**SOURCE MATERIAL:**
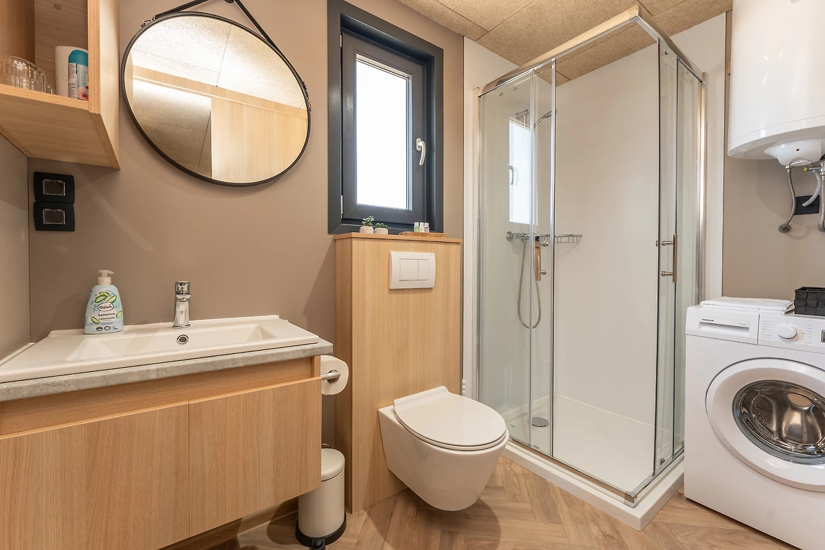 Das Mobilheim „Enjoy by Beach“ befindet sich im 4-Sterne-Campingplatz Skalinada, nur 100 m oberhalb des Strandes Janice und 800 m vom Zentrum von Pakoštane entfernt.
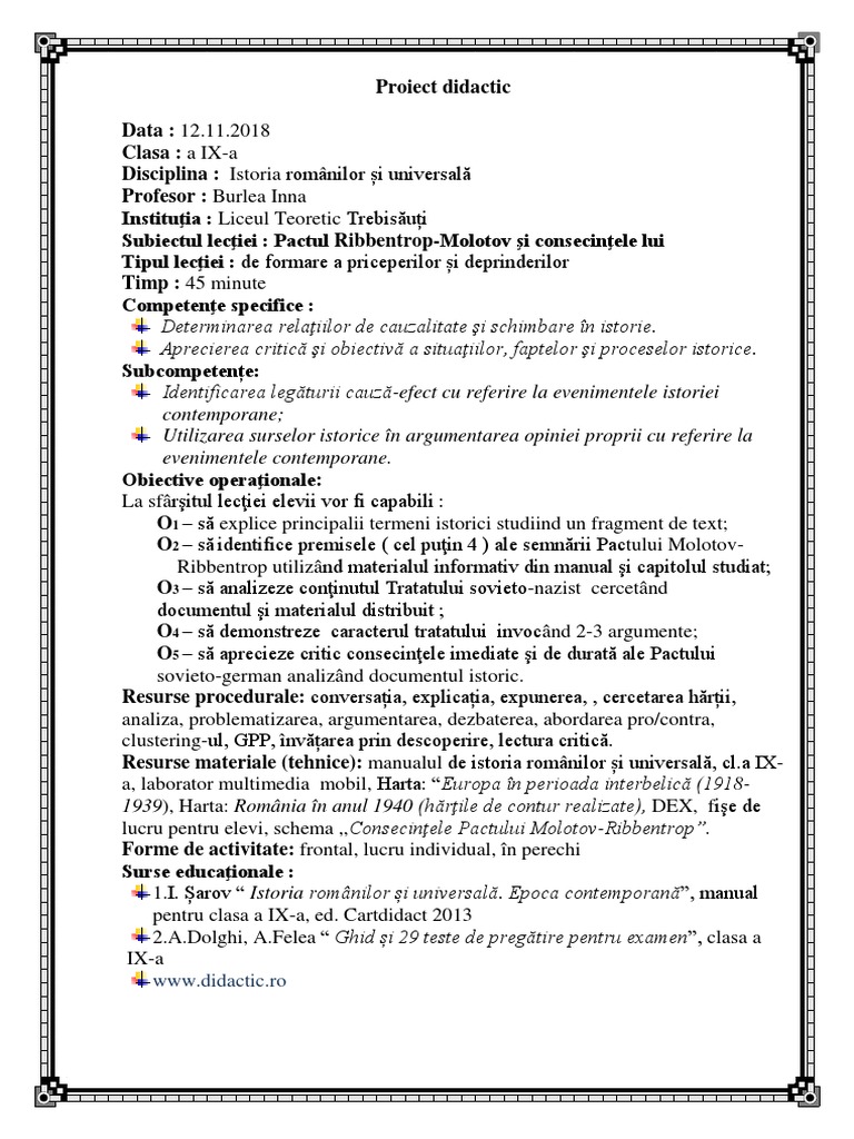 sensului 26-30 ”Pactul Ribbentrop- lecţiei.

* * *

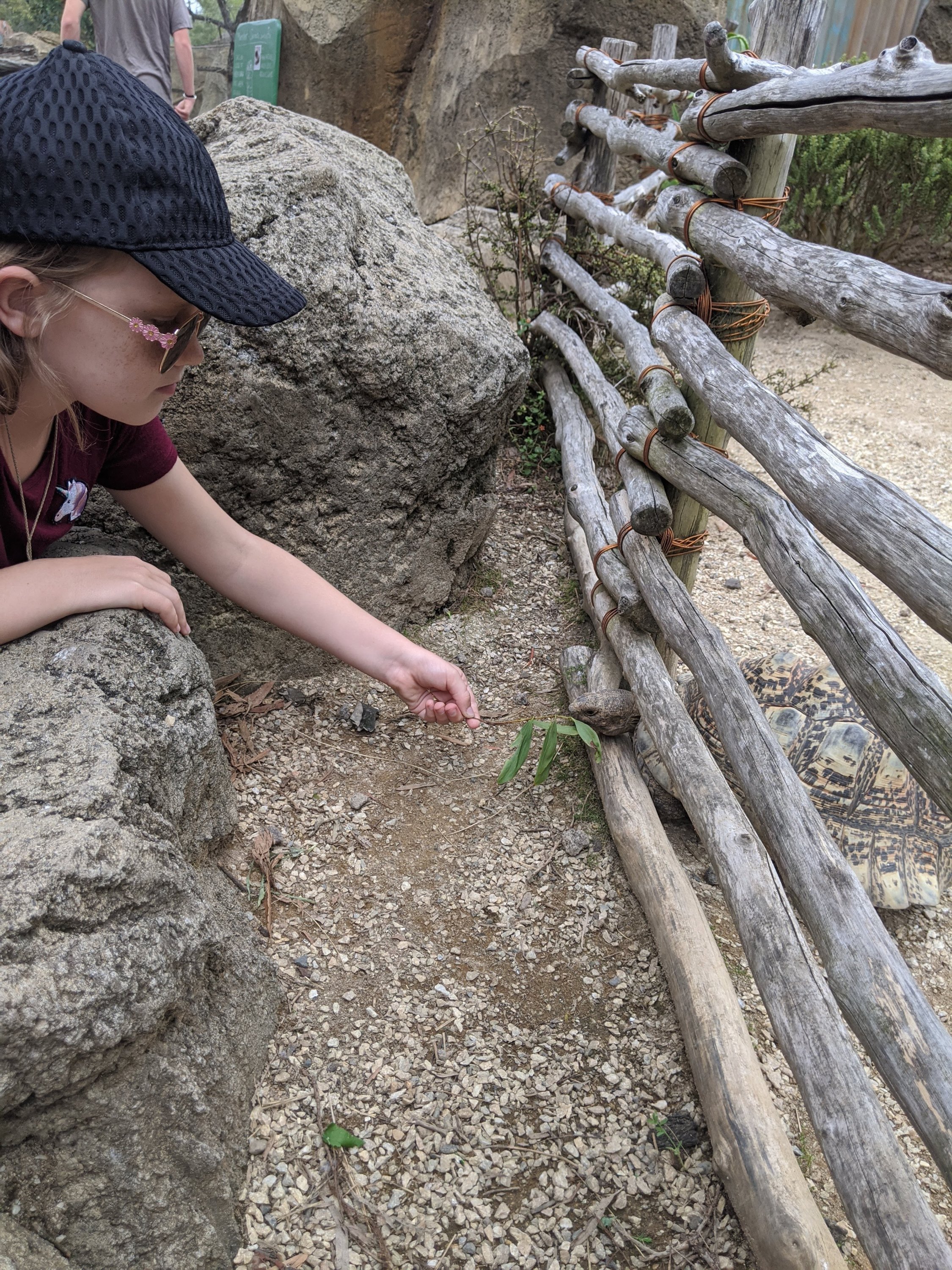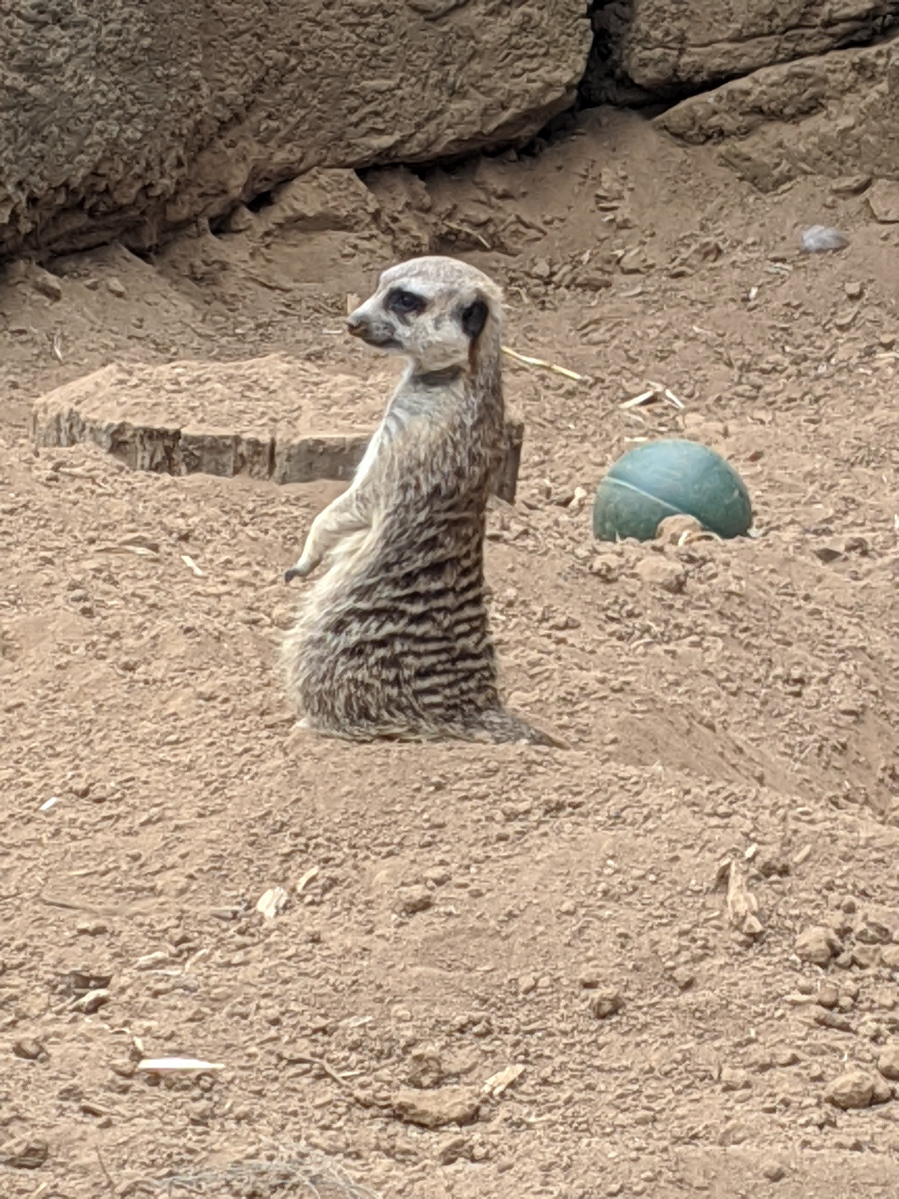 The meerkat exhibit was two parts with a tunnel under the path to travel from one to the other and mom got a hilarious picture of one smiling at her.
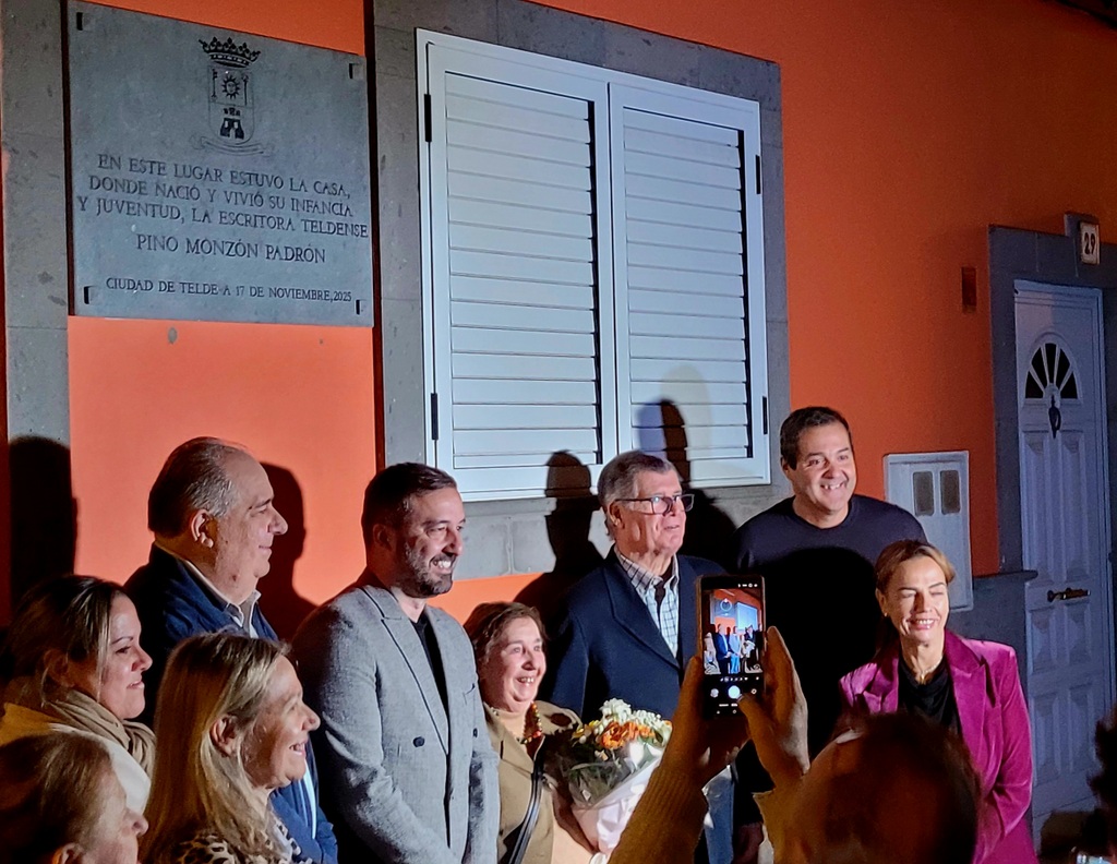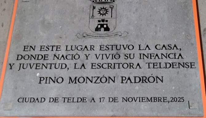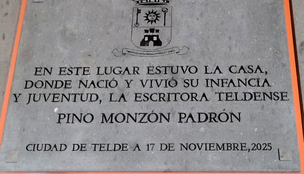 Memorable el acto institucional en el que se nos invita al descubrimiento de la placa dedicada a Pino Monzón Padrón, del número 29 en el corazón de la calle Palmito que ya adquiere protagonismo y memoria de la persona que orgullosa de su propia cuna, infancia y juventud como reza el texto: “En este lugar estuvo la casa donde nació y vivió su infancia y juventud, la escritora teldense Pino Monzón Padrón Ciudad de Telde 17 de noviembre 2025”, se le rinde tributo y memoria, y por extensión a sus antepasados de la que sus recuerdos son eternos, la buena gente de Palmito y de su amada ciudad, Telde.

* * *

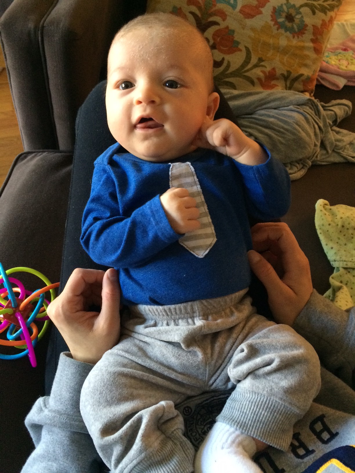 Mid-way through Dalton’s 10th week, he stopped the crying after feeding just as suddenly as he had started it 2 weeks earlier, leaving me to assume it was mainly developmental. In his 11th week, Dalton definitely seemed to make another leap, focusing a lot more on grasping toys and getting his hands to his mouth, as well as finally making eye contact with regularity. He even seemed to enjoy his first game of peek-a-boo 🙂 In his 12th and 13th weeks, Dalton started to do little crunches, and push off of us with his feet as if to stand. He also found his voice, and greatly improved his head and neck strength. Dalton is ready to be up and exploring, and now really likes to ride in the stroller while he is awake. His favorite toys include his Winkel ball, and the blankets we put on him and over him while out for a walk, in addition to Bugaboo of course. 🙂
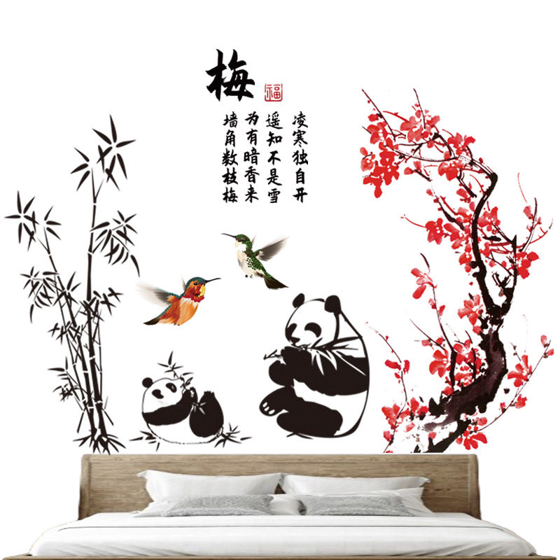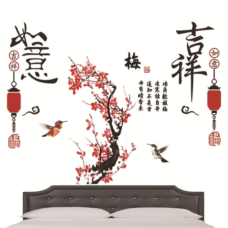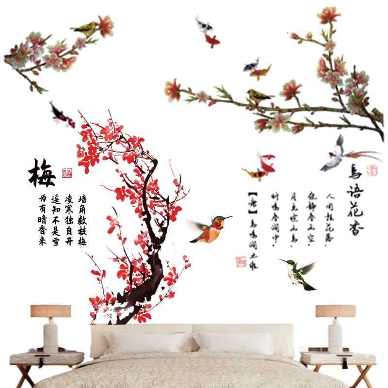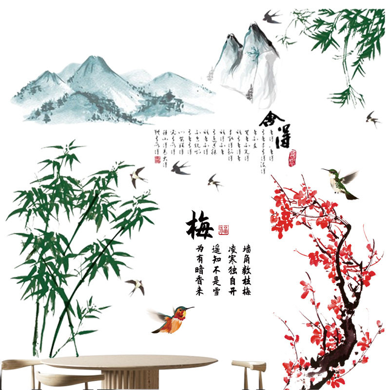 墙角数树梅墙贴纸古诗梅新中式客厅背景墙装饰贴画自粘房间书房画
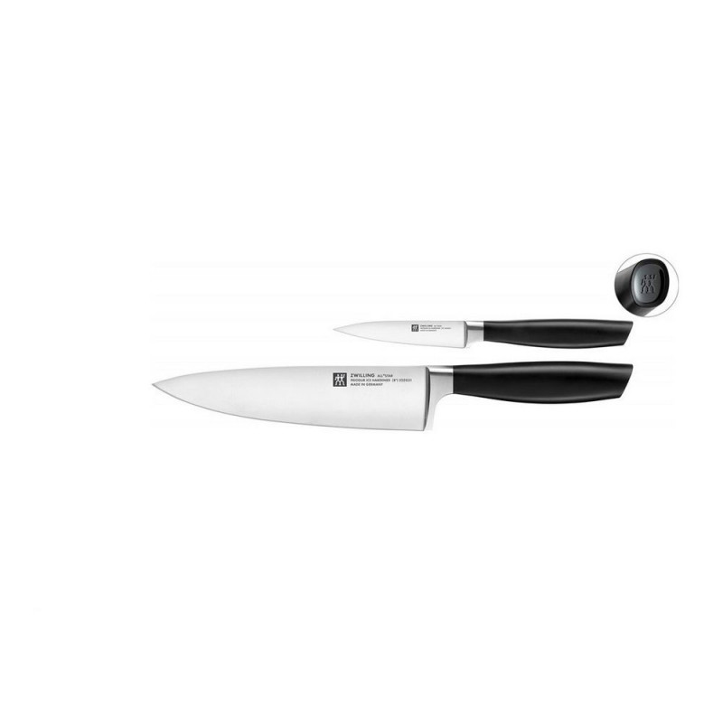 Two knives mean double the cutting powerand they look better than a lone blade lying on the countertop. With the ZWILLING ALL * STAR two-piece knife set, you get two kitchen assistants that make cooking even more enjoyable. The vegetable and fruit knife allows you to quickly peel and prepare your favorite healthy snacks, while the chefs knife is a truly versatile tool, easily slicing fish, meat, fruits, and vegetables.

**EXERCISE DIRECTIONS:**
Please set down, exactly and with no pictures, the lines in the entries above starting at the one holding "墙角数树梅墙贴纸古诗梅新中式客厅背景墙装饰贴画自粘房间书房画" and ending at the one holding "Two knives mean", ends included.

**ANSWER TO THE PROBLEM:**
 墙角数树梅墙贴纸古诗梅新中式客厅背景墙装饰贴画自粘房间书房画
 Two knives mean double the cutting powerand they look better than a lone blade lying on the countertop. With the ZWILLING ALL * STAR two-piece knife set, you get two kitchen assistants that make cooking even more enjoyable. The vegetable and fruit knife allows you to quickly peel and prepare your favorite healthy snacks, while the chefs knife is a truly versatile tool, easily slicing fish, meat, fruits, and vegetables.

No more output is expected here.